▸ **Try it**: For this exercise, output exactly the lines from the opening line of the listing through the line with "Usługa grawerowania zdjęcia", skipping pictures.

═════ Exercise data ═════

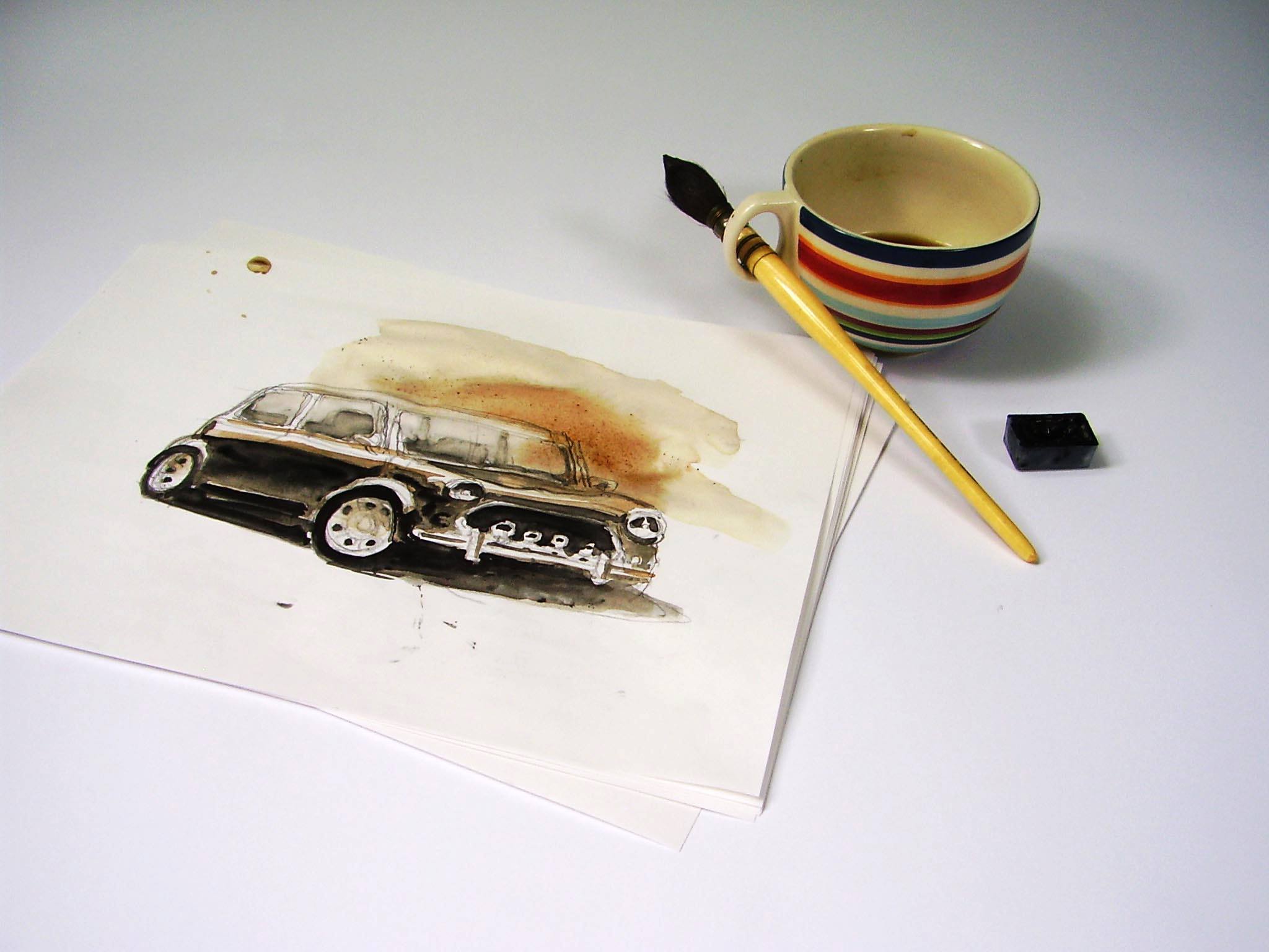 “Mini” by Adrian Mitu, watercolor with coffee. (05/2021)
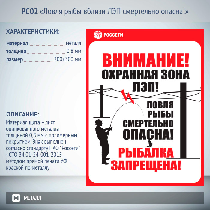 Знак «Ловля рыбы вблизи ЛЭП смертельно опасна!», РС02 (металл, 200х300 мм) в Твери купить
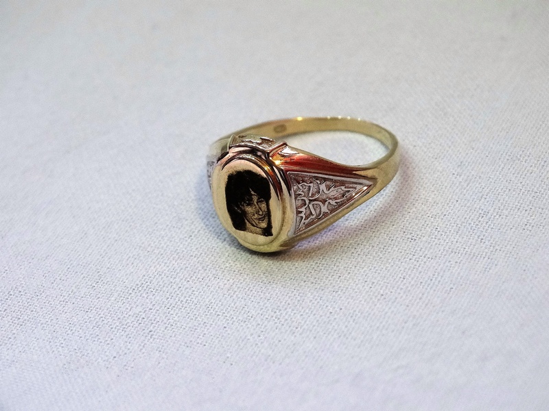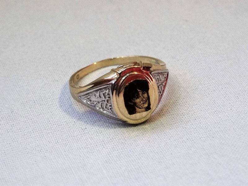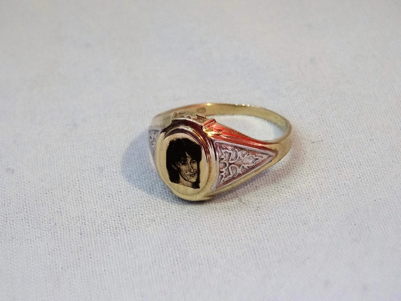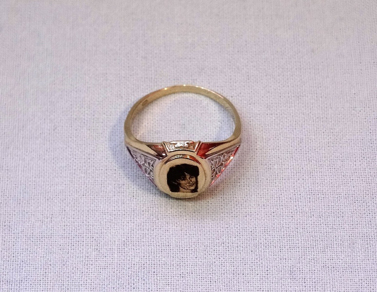 Usługa grawerowania zdjęcia na srebrnym sygnecie.
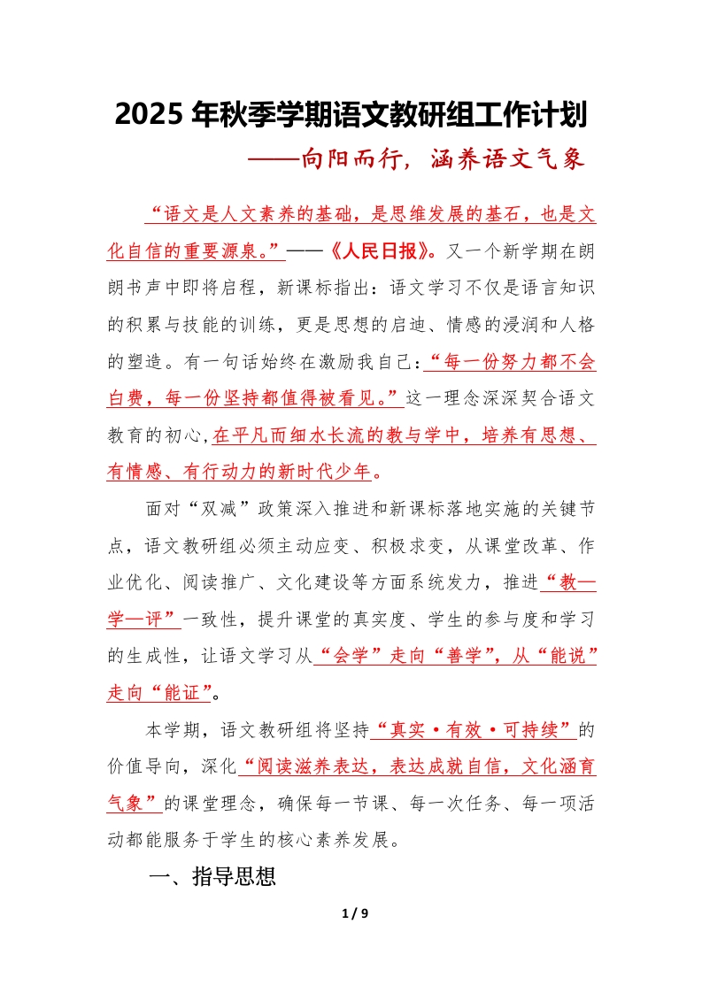 2025年秋季学期语文教研组工作计划—向阳而行,涵养语文气象“语文是人文素养的基础,是思维发展的基石,也是文化自信的重要源泉。”一一《人民日报》。又一个新学期在朗朗书声中即将启程,新课标指出:语文学习不仅是语言知识的积累与技能的训练,更是思想的启迪、情感的浸润和人格的塑造。有一句话始终在激励我自己:“每一份努力都不会白费,每一份坚持都值得被看见。”这一理念深深契合语文教育的初心,在平凡而细水长流的教与学中,培养有思想、有情感、有行动力的新时代少年。面对“双减”政策深入推进和新课标落地实施的关键节点,语文教研组必须主动应变、积极求变,从课堂改革、作业优化、阅读推广、文化建设等方面系统发力,推进“教二学一评”一致性,提升课堂的真实度、学生的参与度和学习的生成性,让语文学习从“会学”走向“善学”,从“能说”走向“能证”。本学期,语文教研组将坚持“真实·有效·可持续”的价值导向,深化“阅读滋养表达,表达成就自信,文化涵育气象”的课堂理念,确保每一节课、每一次任务、每一项活动都能服务于学生的核心素养发展。一、指导思想1/9

═════

▸ **Output of the task**:
 “Mini” by Adrian Mitu, watercolor with coffee. (05/2021)
 Знак «Ловля рыбы вблизи ЛЭП смертельно опасна!», РС02 (металл, 200х300 мм) в Твери купить
 Usługa grawerowania zdjęcia na srebrnym sygnecie.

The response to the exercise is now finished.